## PROVIDED DATA
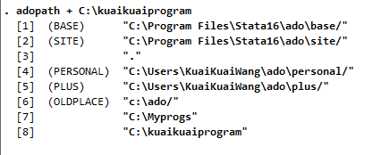 adopath can also change the contents of the path. In general, you should not do this unless you are sure of what you are doing because many features of Stata will stop working if you change the path incorrectly. The path may include actual directory names, such as C:\kuaikuaiprogram, or codewords, such as PERSONAL, PLUS and OLDPLACE. To add C:\kuaikuaiprogram to the end of the path, type:
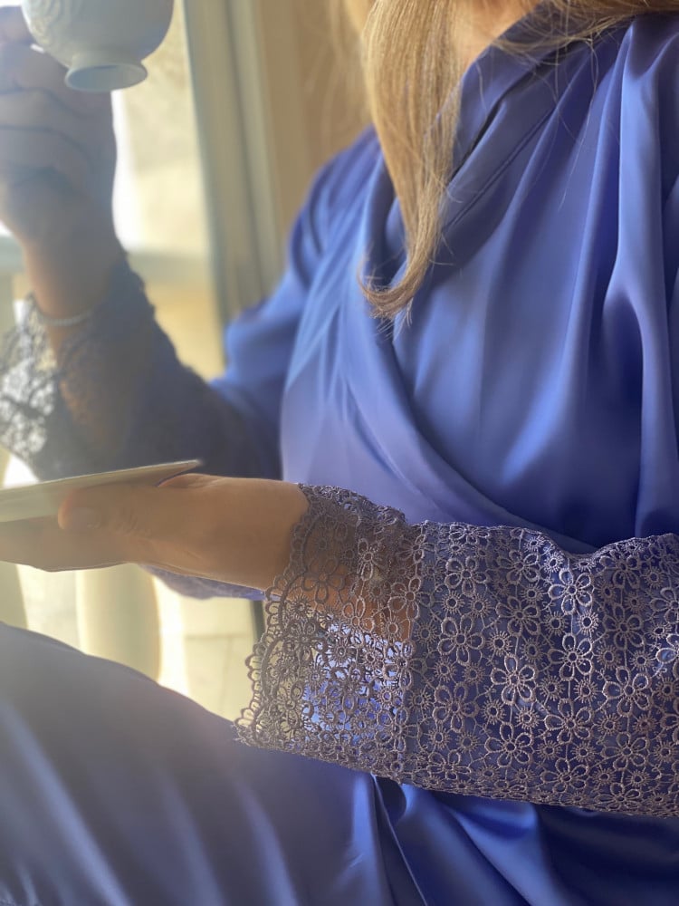 - بيجامة حرير ازرق مزينة بالازارير من الامام
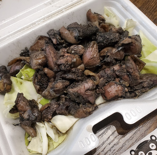 地鶏焼き➡️ちょっとお高めかと思いきや、量がすごい⤴️⤴️とても1人じゃ食べられる量じゃなく、地鶏だけに固いかなと思ったら、柔らかくミディアムレアで仕上げてあり、味も塩、胡椒に秘伝のタレでしょうか、今まで食べた地鶏とは一線を介する美味しい地鶏で、敷き詰めたキャベツに味が染みて食感、味とも完璧な🌟5
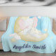 Teal Elephant Crescent Moon Personalized Name Fleece Blanket

## ACTIVITY
Print the material word for word without images.

## OUTPUT BELOW
 adopath can also change the contents of the path. In general, you should not do this unless you are sure of what you are doing because many features of Stata will stop working if you change the path incorrectly. The path may include actual directory names, such as C:\kuaikuaiprogram, or codewords, such as PERSONAL, PLUS and OLDPLACE. To add C:\kuaikuaiprogram to the end of the path, type:
 - بيجامة حرير ازرق مزينة بالازارير من الامام
 地鶏焼き➡️ちょっとお高めかと思いきや、量がすごい⤴️⤴️とても1人じゃ食べられる量じゃなく、地鶏だけに固いかなと思ったら、柔らかくミディアムレアで仕上げてあり、味も塩、胡椒に秘伝のタレでしょうか、今まで食べた地鶏とは一線を介する美味しい地鶏で、敷き詰めたキャベツに味が染みて食感、味とも完璧な🌟5
 Teal Elephant Crescent Moon Personalized Name Fleece Blanket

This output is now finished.